▶ [Instructions for the task]: Exactly the lines from the line that has "Chemnitz, ciudad de" through the final line below are to be retyped, and the pictures are not.

▶ [Records shown]:

⁂

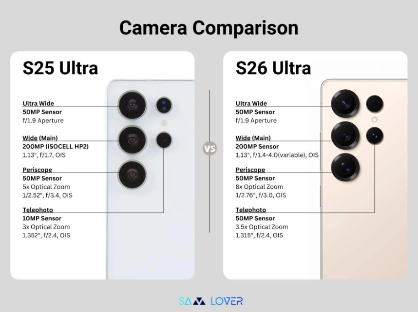 갤럭시 S26 울트라는 카메라 업그레이드가 가장 큰 변화 중 하나로 예상됩니다.
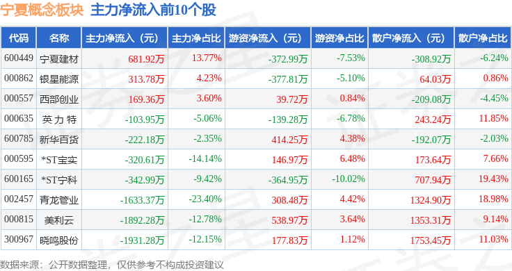 从资金流向上来看,当日宁夏概念板块主力资金净流出2.92亿元,游资资金净流入7330.56万元,散户资金净流入2.18亿元。宁夏概念板块个股资金流向见下表:
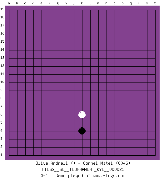Last move : 0-1 2007 March 25 9:12:7 [Event "FICGS__GO__TOURNAMENT_KYU__000023"] [Site "FICGS"] [Date "2007.02.21"] [Round "1"] [Black "Oliva,Andrell"] [White "Cornel,Matei"] [Result "0-1"] [Rating 2 "0046"] 1.k4 k6 0-1 This go game has been lost on time (started : 2007.02.21 18:12:29) Here are the names of the openings (joseki) played in the four corners : Player White won this Go (weiqi, baduk) game. Follow this game move after move (download)In the corner, five stones in a row on the third line are alive. (Anonymous) The mind is like a parachute, it only functions when its open. (Unknown)
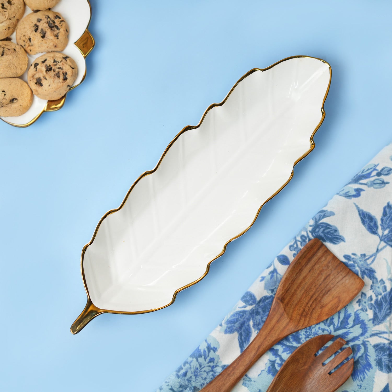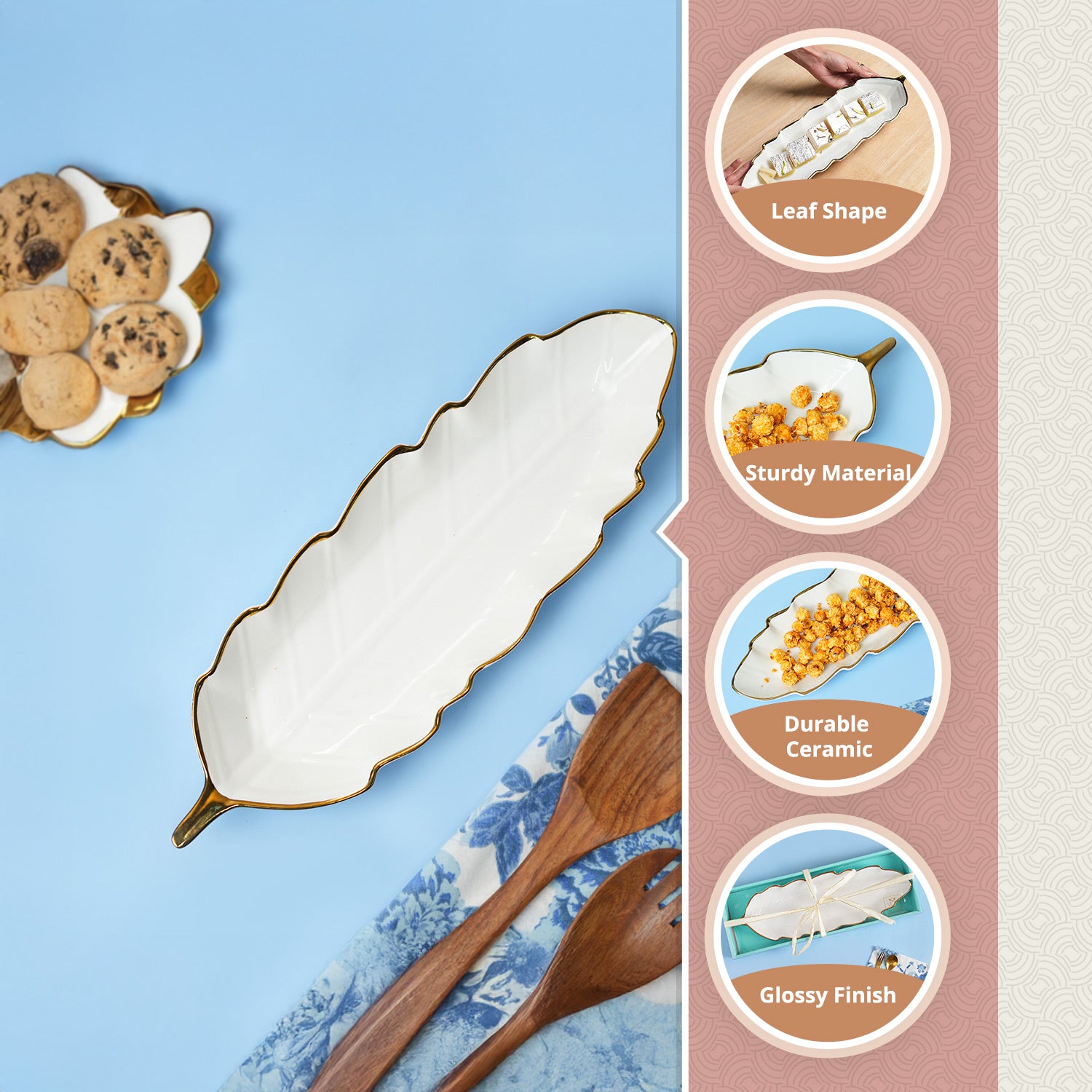 The ceramic leaf dish brings artistic elegance to your serveware collection. Designed in a graceful leaf shape with scalloped edges, it features white ceramic with gold lining that adds charm and refinement. The glossy finish reflects light beautifully, making it an eye-catching piece on any table. Ideal for serving dry fruits, nuts, candies, or small desserts, this dish doubles as a decorative accent when not in use. Its nature-inspired form, combined with luxurious golden detailing, makes it perfect for festive celebrations, gifting, or stylish everyday dining. Lightweight yet durable, it’s a versatile accessory that blends beauty with practicality.
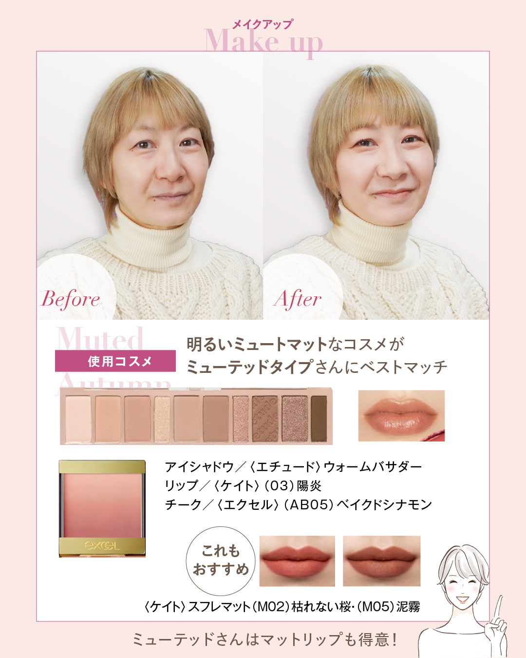 ミューテッドオータムに似合う、やさしげマットメイク🍑
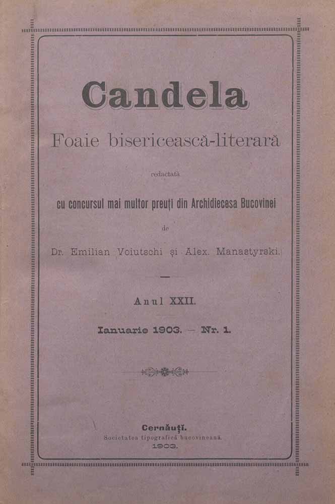 Candela, XXII, nr. în TOM: 1, ianuarie, 1903, Foaie bisericească-literară
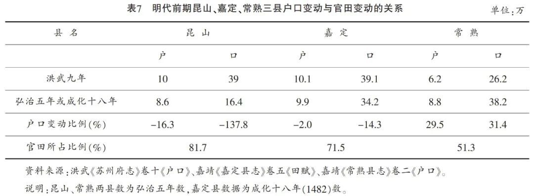 表7中,官田比例最高的昆山,其户口数减少得最多。官田与民田比例相当的常熟,其户口数不减反增。昆山的派役单位减少到如此程度,其实对其官田高比例的一个补偿。
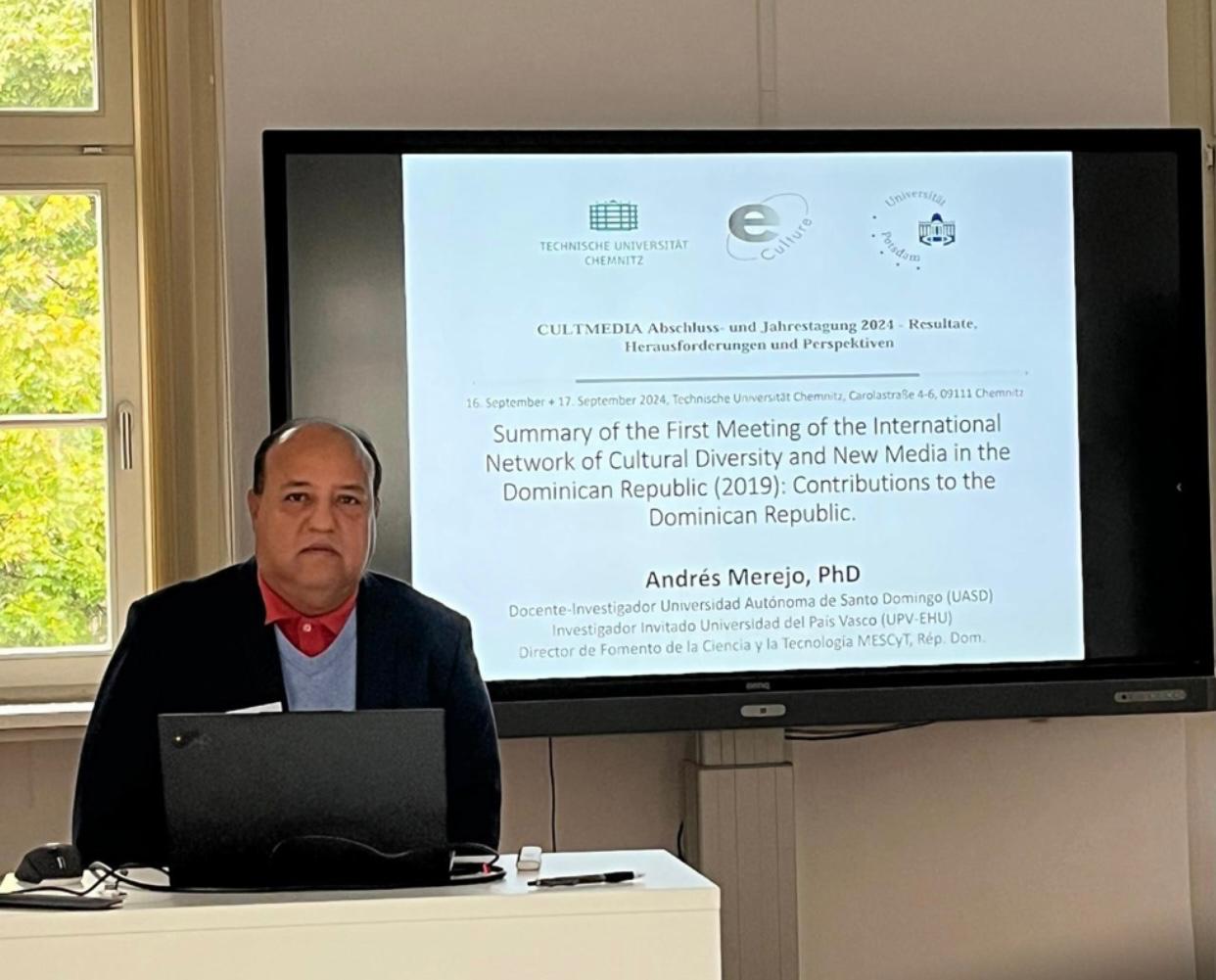 Chemnitz, ciudad de Alemania – En un evento celebrado en Alemania, organizado por la Red CultMedia – International Network of Cultural Diversity and New Media, el filósofo de la cibernética, lo virtual y la inteligencia artificial, Andrés Merejo, destacó las profundas implicaciones sociales, culturales, educativas y políticas que la Revolución 4.0 y la inteligencia artificial (IA) tienen para la República Dominicana.
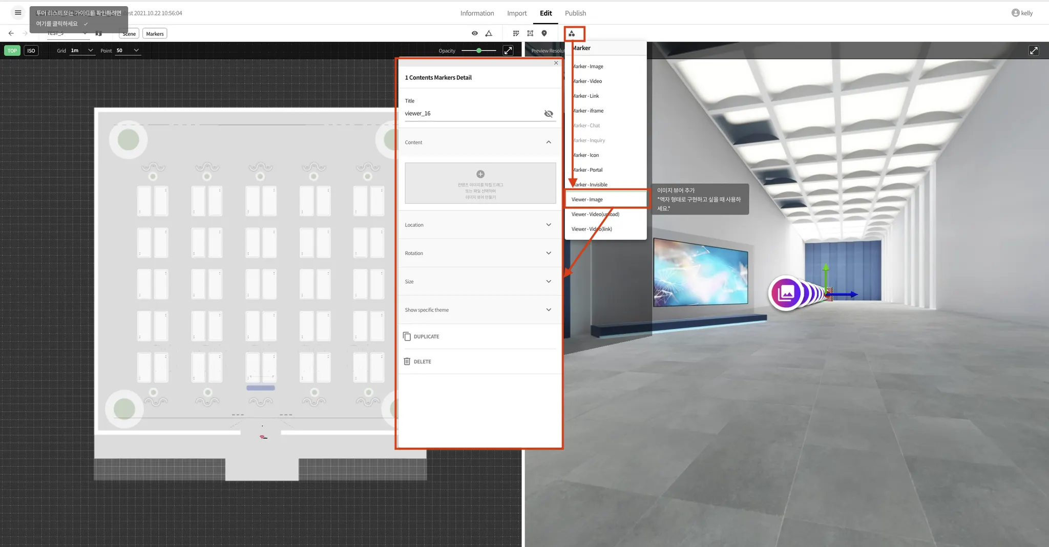 뷰어형 모듈은 비디오나 이미지를 공간에 실제로 배치한 것처럼 연출할 수 있습니다. 마커 리스트에서 원하는 기능의 뷰어를 선택하여 추가하세요.
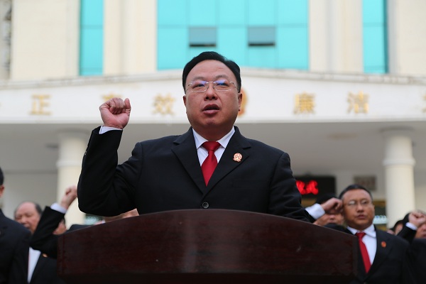 8:10分,在嘹亮的国歌声中五星红旗迎风而起,鲁山县法院全体干警整齐列队,表情严肃齐向国旗行注目礼,在党组书记、院长王宏伟的领誓下,齐声向宪法庄严宣誓。
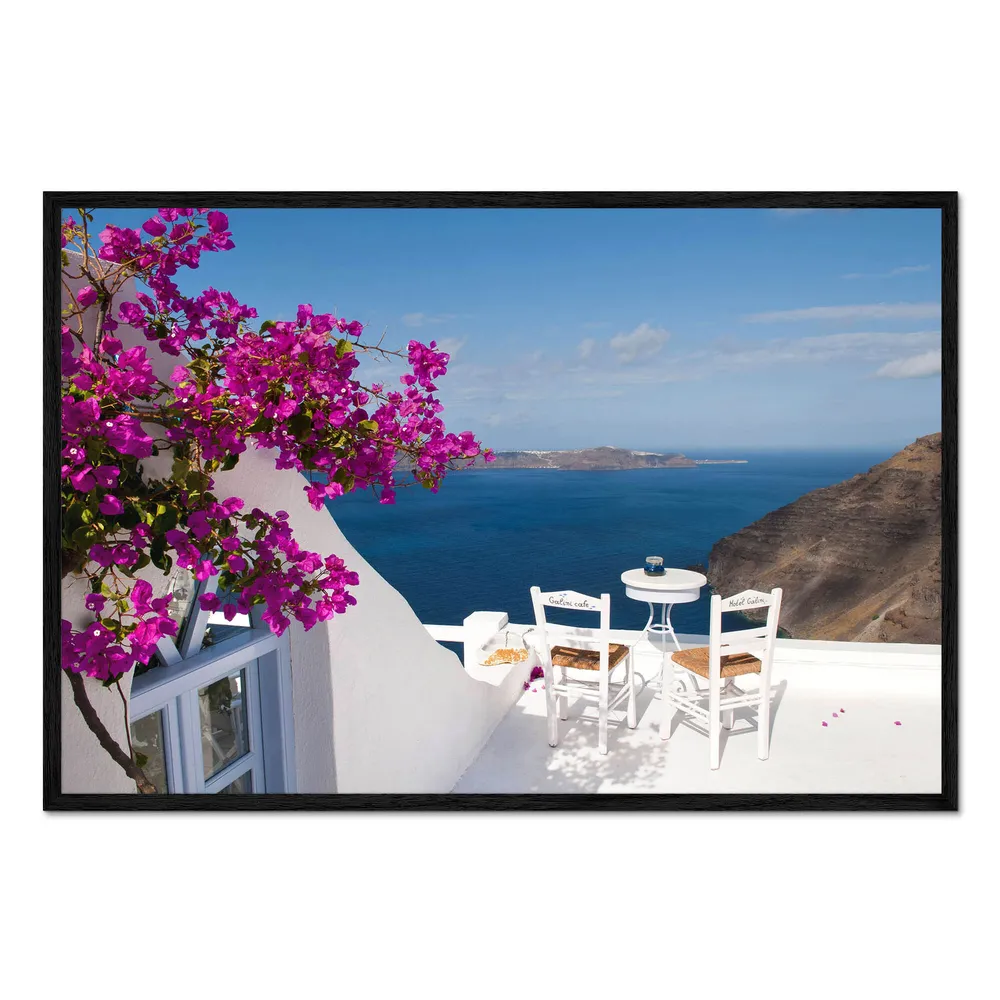 تابلو قاب دار طرح Hotel terrace with pink flowers and stunning views کد 920652
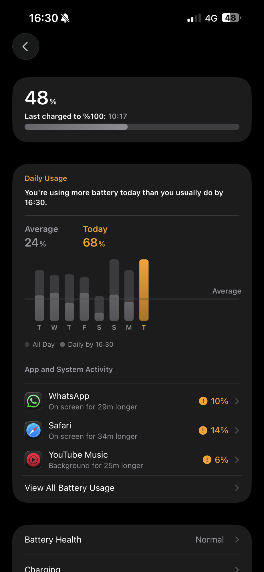 I’m in the same boat. I set the charge limit to 90%, and my average screen-on time is 8-10 hours a day.It completely depends on the day, usually multiple hours. I can't give any specific statistics because they all got wiped when I restored. On iOS 26 it certainly didn't stay at 100 for very long.
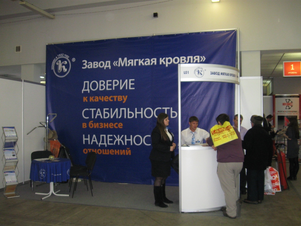 На открытие выставки стенд завода «Мягкая кровля» осмотрел министр строительства Самарской области П. К. Донской.
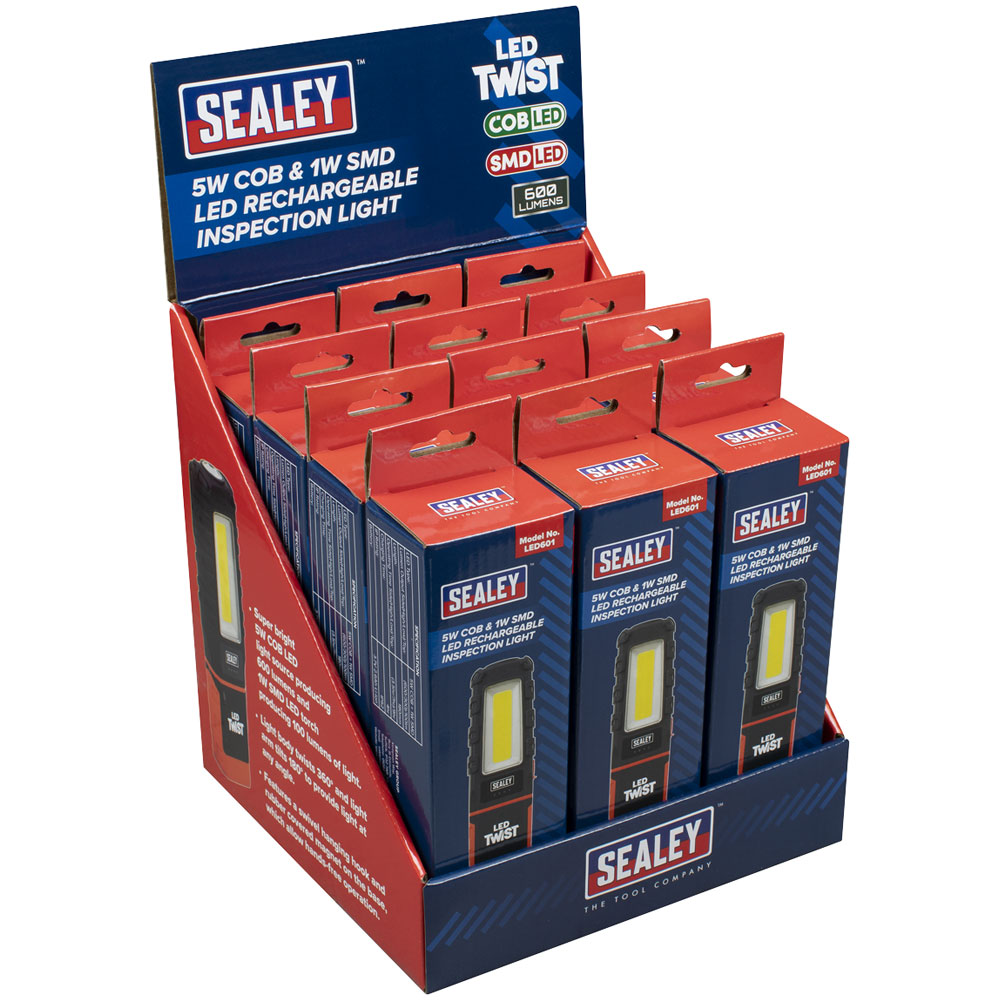 Sealey LED601DB LED Twist Rechargeable Inspection Light 5W COB & 1W SMD Box12

⁂

▶ [Exercise solution]:
 Chemnitz, ciudad de Alemania – En un evento celebrado en Alemania, organizado por la Red CultMedia – International Network of Cultural Diversity and New Media, el filósofo de la cibernética, lo virtual y la inteligencia artificial, Andrés Merejo, destacó las profundas implicaciones sociales, culturales, educativas y políticas que la Revolución 4.0 y la inteligencia artificial (IA) tienen para la República Dominicana.
 뷰어형 모듈은 비디오나 이미지를 공간에 실제로 배치한 것처럼 연출할 수 있습니다. 마커 리스트에서 원하는 기능의 뷰어를 선택하여 추가하세요.
 8:10分,在嘹亮的国歌声中五星红旗迎风而起,鲁山县法院全体干警整齐列队,表情严肃齐向国旗行注目礼,在党组书记、院长王宏伟的领誓下,齐声向宪法庄严宣誓。
 تابلو قاب دار طرح Hotel terrace with pink flowers and stunning views کد 920652
 I’m in the same boat. I set the charge limit to 90%, and my average screen-on time is 8-10 hours a day.It completely depends on the day, usually multiple hours. I can't give any specific statistics because they all got wiped when I restored. On iOS 26 it certainly didn't stay at 100 for very long.
 На открытие выставки стенд завода «Мягкая кровля» осмотрел министр строительства Самарской области П. К. Донской.
 Sealey LED601DB LED Twist Rechargeable Inspection Light 5W COB & 1W SMD Box12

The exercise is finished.